BRIEF DESCRIPTION OF THE FIGURES

[0026] FIG. 1 is a schematic structural diagram of a vanadium flow battery management system according to an embodiment of the present invention;

[0027] FIG. 2 is a schematic diagram showing the operation of a full vanadium flow energy storage battery (VFB);

[0028] FIG. 3 is a circuit diagram of a signal acquisition circuit and a main control unit;

[0029] FIG. 4 is a circuit diagram of a power conversion circuit;

[0030] FIG. 5 is a schematic circuit diagram of a protection circuit;

[0031] FIG. 6 is a circuit diagram of the relay control module;

[0032] FIG. 7 is a flow chart of start-stop control of the full vanadium flow battery circulation pump.

In the figure, 1 is a stack, 2 is a positive electrolyte, 3 is a negative electrolyte, 4 is a positive pump, and 5 is a negative pump.

DESCRIPTION OF THE INVENTION

[0033] Preferred embodiments of the invention will now be described with reference to the accompanying drawings and non-limiting examples.

[0034] In order to make that object, technical solution and advantages of the embodiment of the present invention more clear, the technical solution in the embodiments of the present invention will be clearly and completely described below, obviously, The described embodiments are part of and not all of the embodiments of the present invention; based on the embodiments of the present invention, All other embodiments obtained by those of ordinary skill in the art without creative labor are within the scope of the present invention.

[0035] As shown in FIG. 1, an embodiment of the present invention provides a full vanadium flow battery management system, Including main control unit, signal acquisition circuit, power conversion circuit, spare lithium battery, inverter, relay control module, display module, optical fiber communication module and fault alarm module.

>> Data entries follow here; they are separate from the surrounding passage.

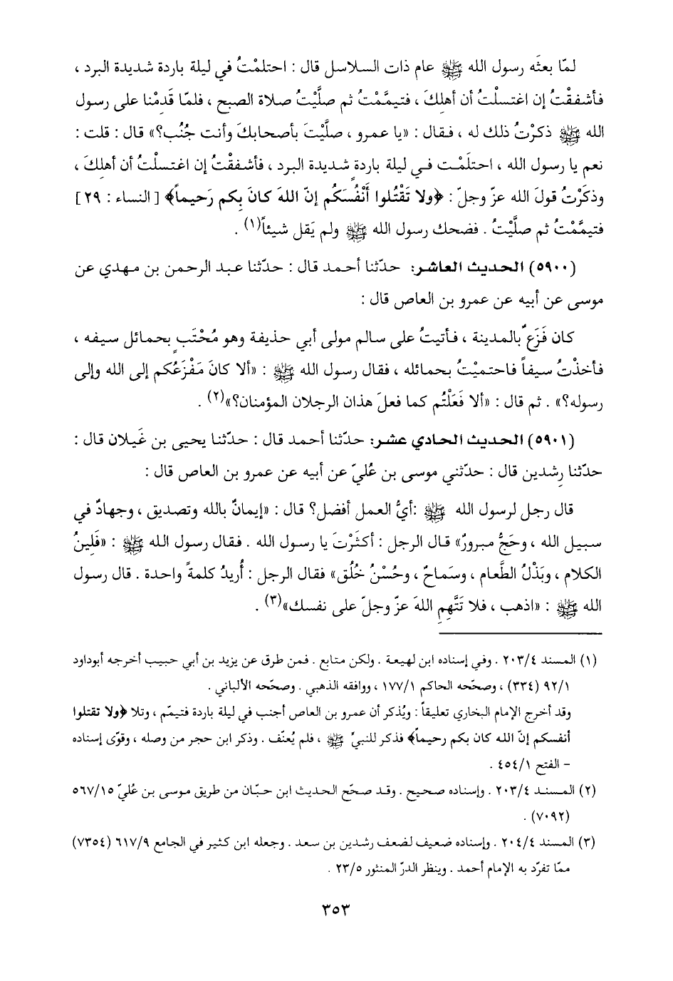 وقد أخرج الإمام البخاري تعليقًا: ويُذكر أن عمرو بن العاص أجنب في ليلة باردة فتيمّم، وتلا {وَلَا تَقْتُلُوا أَنْفُسَكُمْ إِنَّ اللَّهَ كَانَ بِكُمْ رَحِيمًا} فذكر للنبيِّ -صلى اللَّه عليه وسلم-، فلم يُعنّف. وذكر ابن حجر من وصله، وقوّى إسناده - الفتح ١/ ٤٥٤.
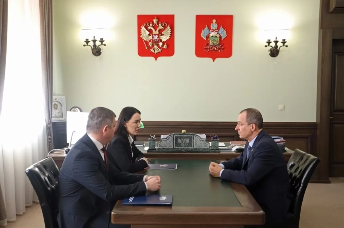 Председатель Законодательного Собрания Юрий Бурлачко провел рабочую встречу с руководителем департамента развития бизнеса и внешнеэкономической деятельности Краснодарского края Юлией Приходько. В работе принял участие первый заместитель председателя комитета ЗСК по финансово-бюджетной, налоговой, экономической политике, предпринимательству и финансовым рынкам Алексей Титов.
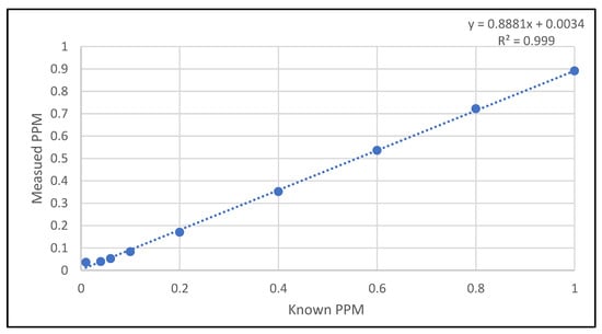 The method’s detection limit is determined by testing the F-ISE probe using standards of varying concentrations and plotting against the measured values (Figure 9) following the EPA procedures on detection and quantification under the Clean Water Act analytical methods []. One standard solution was prepared for each concentration and measured the mV value three times. The average mV values are then calculated based on a calibration curve to calculate the total fluorine concentration (ppm). The instrument limit of detection (ILOD) is identified to be 0.1 ppm, while the method limit of detection (MLOD) was calculated as 20 ppm using Equation (3).
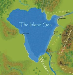 It is the westen edge of the Lunar Empire. A large fresh water sea. Wilds and the Sea of Grass on the west and northern shores. The Inland Sea is outside the protection of the glow lines. To the east of the Inland Sea is Carmania Province

[0036] among them, The signal acquisition circuit, the display module, the optical fiber communication module, and the fault alarm module are electrically connected to the main control unit; The signal acquisition circuit is configured to acquire a voltage signal, a current signal and a temperature signal of the all-vanadium liquid battery and send the signal to the main control unit; The power conversion circuit is configured to convert a system power source into a low voltage direct current to supply power to the system, and the inverter is configured to invert the system power source to supply power to a circulation pump in a vanadium battery. An input terminal of the relay control module is connected to an output terminal of the main control unit, and the output terminal is connected to a control terminal of the circulation pump and the system power supply, respectively, and the main control unit is connected to an upper computer through the optical fiber communication module. The fault alarm module includes an indicator lamp and a buzzer, which prompt the fault through the color change of the indicator lamp and the buzzer sound, so as to facilitate the operator to correct the fault in time.

[0037] In this embodiment, the display module adopts the screen of Kunlun Tongtai, and the upper computer is developed based on the MCGS configuration software. The upper computer software can monitor the working state of the battery, relevant parameters collected, operation curve, fault point and parameter calibration in real time.

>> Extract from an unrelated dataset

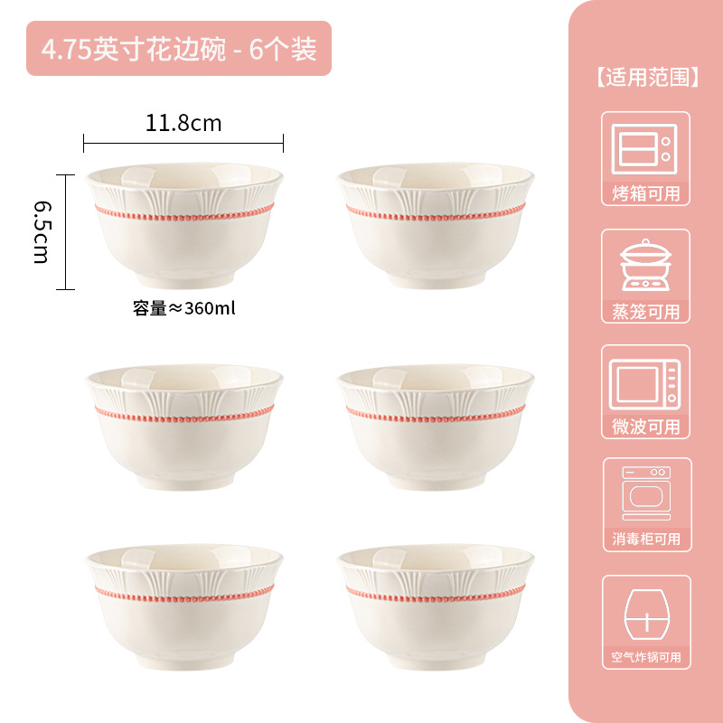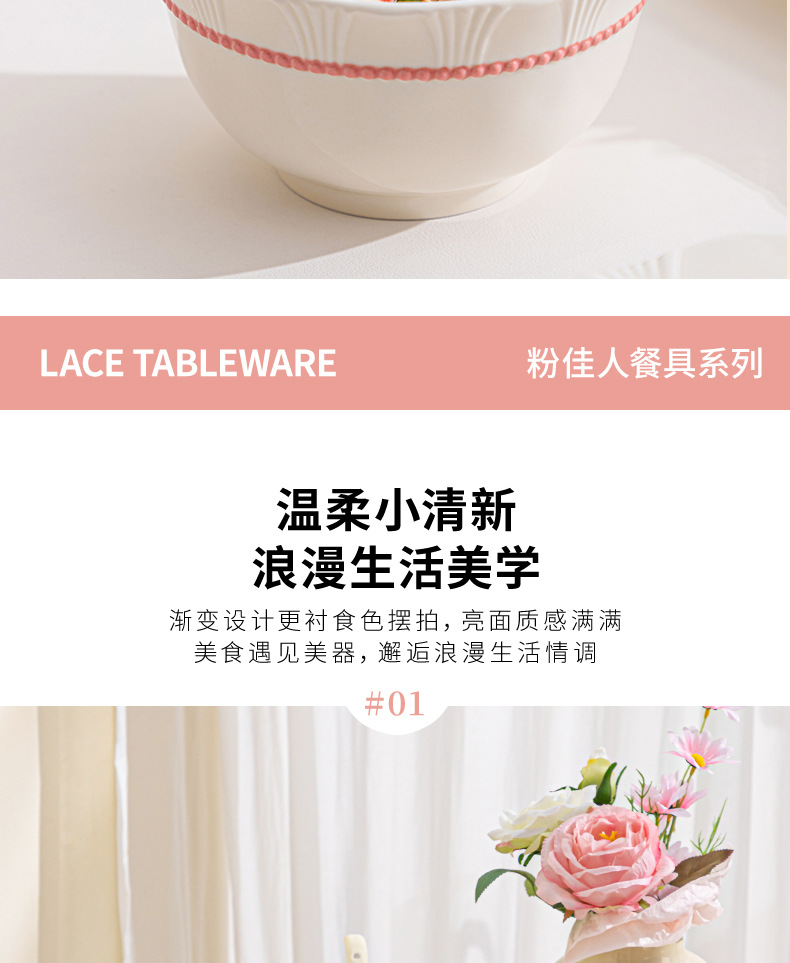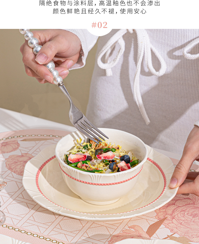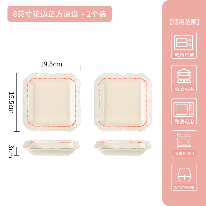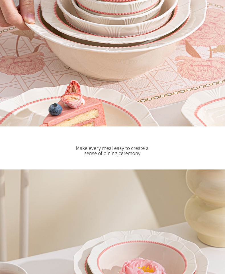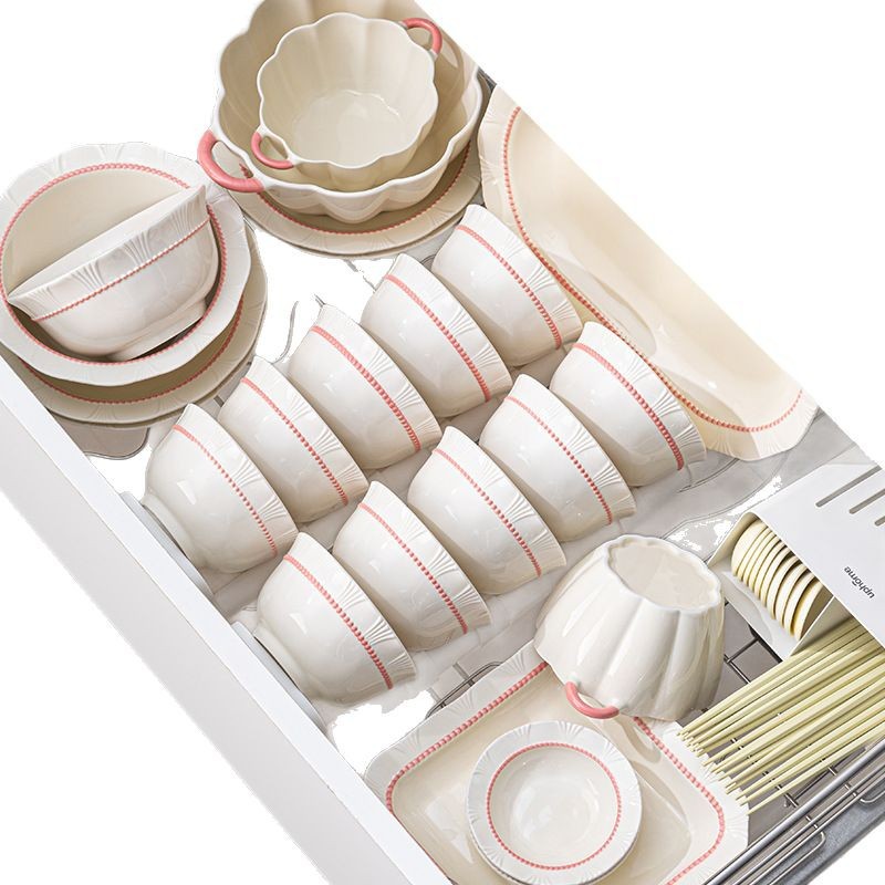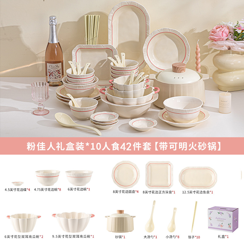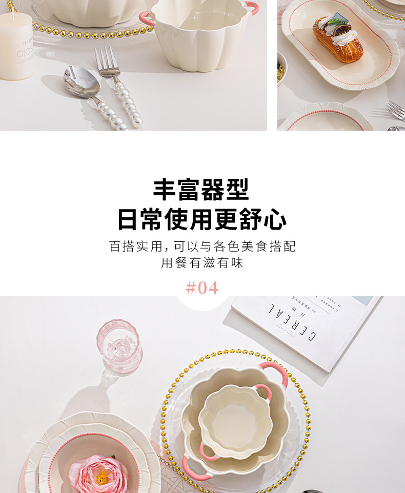 法式奶油风碗碟套装家用餐具套装高颜值釉下彩陶瓷碗盘子汤碗鱼盘

[0038] In particular, in that present embodiment, the signal acquisition circuit include a button, a Hall voltage sensor, a Hall current sensor, and a temperature sensor for directly monitoring the voltage across the vanadium battery, The current sensor is directly mounted on the power supply line of the battery for collecting the current signal of the vanadium battery, and the temperature sensor is placed on the side of the vanadium battery for measuring the temperature of the vanadium battery.

[0039] As shown in FIG. 2, it is a schematic diagram of a full vanadium flow energy storage battery (VFB). VFB is a different valence vanadium ion as a positive and negative electrode electroactive material, A novel redox energy storage flow cell in which the active material is dissolved in the supporting electrolyte and flows in a liquid state. The working principle diagram of VFB is shown in FIG. 1, and the whole energy storage cell is composed of electrolyte of two half cells, external circulating pump, stack and related pipelines. In that operation principle, the electrolyte in the liquid storage tank is pump into the stack through two alternating current circulation pump connected

externally, so as to circulate and flow in different closed circuits of the liquid storage tank and the half cell, Under the effect of the potential difference of the two redox pair, the electrolyte entering the half cell undergoes redox reaction on the electrode surface to complete the charge and discharge of the cell.

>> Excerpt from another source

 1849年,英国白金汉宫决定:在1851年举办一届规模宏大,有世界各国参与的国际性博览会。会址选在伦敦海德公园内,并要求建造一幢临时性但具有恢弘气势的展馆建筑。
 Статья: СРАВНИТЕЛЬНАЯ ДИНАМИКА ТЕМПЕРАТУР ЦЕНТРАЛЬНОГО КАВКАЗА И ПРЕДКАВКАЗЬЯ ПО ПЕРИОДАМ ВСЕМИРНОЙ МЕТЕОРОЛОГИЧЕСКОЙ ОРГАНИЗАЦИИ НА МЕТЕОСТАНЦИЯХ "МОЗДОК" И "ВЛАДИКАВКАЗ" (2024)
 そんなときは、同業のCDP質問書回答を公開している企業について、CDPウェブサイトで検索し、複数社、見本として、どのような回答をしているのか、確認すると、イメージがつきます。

[0040] As shown in FIG. 3, in this embodiment, the core controller of the main control unit is an embedded chip of model STM32, and in this embodiment, it is designed to face a 5 kW 30 kWh full vanadium flow energy storage battery, and the power of the battery is 5 KW, The stack voltage is 48V and the capacity can reach 30KWh. In this embodiment, when terminal voltage acquisition is performed on the VFB, it is necessary to convert the voltage signal of the terminal voltage into a voltage signal of 0 to 3V, and then the system collects the voltage signal of 0 to 3V. During the operation current acquisition of VFB, the current is also converted into 0 ~ 3V voltage signal by Hall current sensor, and then the system collects 0 ~ 3V voltage signal. In this embodiment, DS18B20 is used to collect the temperature of the stack, and the collected temperature value is converted into a resistance value, and then the resistance value is converted into a voltage value input value system. STM32 has a 12-bit 18-channel ADC converter, so the acquired voltage, current and temperature signals are converted into the ADC built in STM32 for conversion.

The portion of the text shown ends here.